:: Assignment ::
For the material below, return exactly the lines starting at the one holding "Văn Quyết và" and ending at the one holding "臺灣醫院護士荒,許多人拿到護", counting both as part of the range.

:: Data for the task ::
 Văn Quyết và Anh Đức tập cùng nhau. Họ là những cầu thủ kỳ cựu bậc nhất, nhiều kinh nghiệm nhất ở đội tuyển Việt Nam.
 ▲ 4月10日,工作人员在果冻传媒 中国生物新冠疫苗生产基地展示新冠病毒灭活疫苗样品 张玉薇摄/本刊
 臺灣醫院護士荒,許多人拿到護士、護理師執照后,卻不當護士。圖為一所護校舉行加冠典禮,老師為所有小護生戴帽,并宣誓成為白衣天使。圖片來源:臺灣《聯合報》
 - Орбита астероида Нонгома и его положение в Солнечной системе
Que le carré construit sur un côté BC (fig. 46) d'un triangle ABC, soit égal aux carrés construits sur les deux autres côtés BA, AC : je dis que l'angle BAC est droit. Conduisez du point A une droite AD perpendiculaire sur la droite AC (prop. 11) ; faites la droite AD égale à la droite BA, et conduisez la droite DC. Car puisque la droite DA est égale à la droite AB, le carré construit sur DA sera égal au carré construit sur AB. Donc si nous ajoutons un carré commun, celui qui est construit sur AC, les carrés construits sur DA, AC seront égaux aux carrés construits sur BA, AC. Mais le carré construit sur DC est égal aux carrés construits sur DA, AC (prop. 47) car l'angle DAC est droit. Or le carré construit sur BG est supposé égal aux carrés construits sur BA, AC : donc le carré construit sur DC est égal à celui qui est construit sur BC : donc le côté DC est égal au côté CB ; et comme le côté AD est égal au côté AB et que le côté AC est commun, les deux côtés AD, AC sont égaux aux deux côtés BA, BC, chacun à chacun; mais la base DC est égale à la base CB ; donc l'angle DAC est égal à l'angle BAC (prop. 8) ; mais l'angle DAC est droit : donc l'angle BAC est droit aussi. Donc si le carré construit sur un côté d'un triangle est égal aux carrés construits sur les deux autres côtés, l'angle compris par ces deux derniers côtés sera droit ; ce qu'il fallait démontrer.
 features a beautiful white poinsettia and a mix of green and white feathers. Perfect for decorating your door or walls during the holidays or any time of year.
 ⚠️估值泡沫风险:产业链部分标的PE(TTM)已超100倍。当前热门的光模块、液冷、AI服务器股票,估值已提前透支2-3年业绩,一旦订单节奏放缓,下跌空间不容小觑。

* * *

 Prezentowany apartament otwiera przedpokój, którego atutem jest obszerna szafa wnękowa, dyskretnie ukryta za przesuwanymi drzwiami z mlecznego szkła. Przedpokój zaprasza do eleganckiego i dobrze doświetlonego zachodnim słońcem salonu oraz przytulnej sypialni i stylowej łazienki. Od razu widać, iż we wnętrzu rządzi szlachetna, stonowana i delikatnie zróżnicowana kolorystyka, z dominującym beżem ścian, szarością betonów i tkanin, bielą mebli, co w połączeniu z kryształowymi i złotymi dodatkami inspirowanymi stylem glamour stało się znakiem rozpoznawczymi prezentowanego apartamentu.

:: Task response ::
 Văn Quyết và Anh Đức tập cùng nhau. Họ là những cầu thủ kỳ cựu bậc nhất, nhiều kinh nghiệm nhất ở đội tuyển Việt Nam.
 ▲ 4月10日,工作人员在果冻传媒 中国生物新冠疫苗生产基地展示新冠病毒灭活疫苗样品 张玉薇摄/本刊
 臺灣醫院護士荒,許多人拿到護士、護理師執照后,卻不當護士。圖為一所護校舉行加冠典禮,老師為所有小護生戴帽,并宣誓成為白衣天使。圖片來源:臺灣《聯合報》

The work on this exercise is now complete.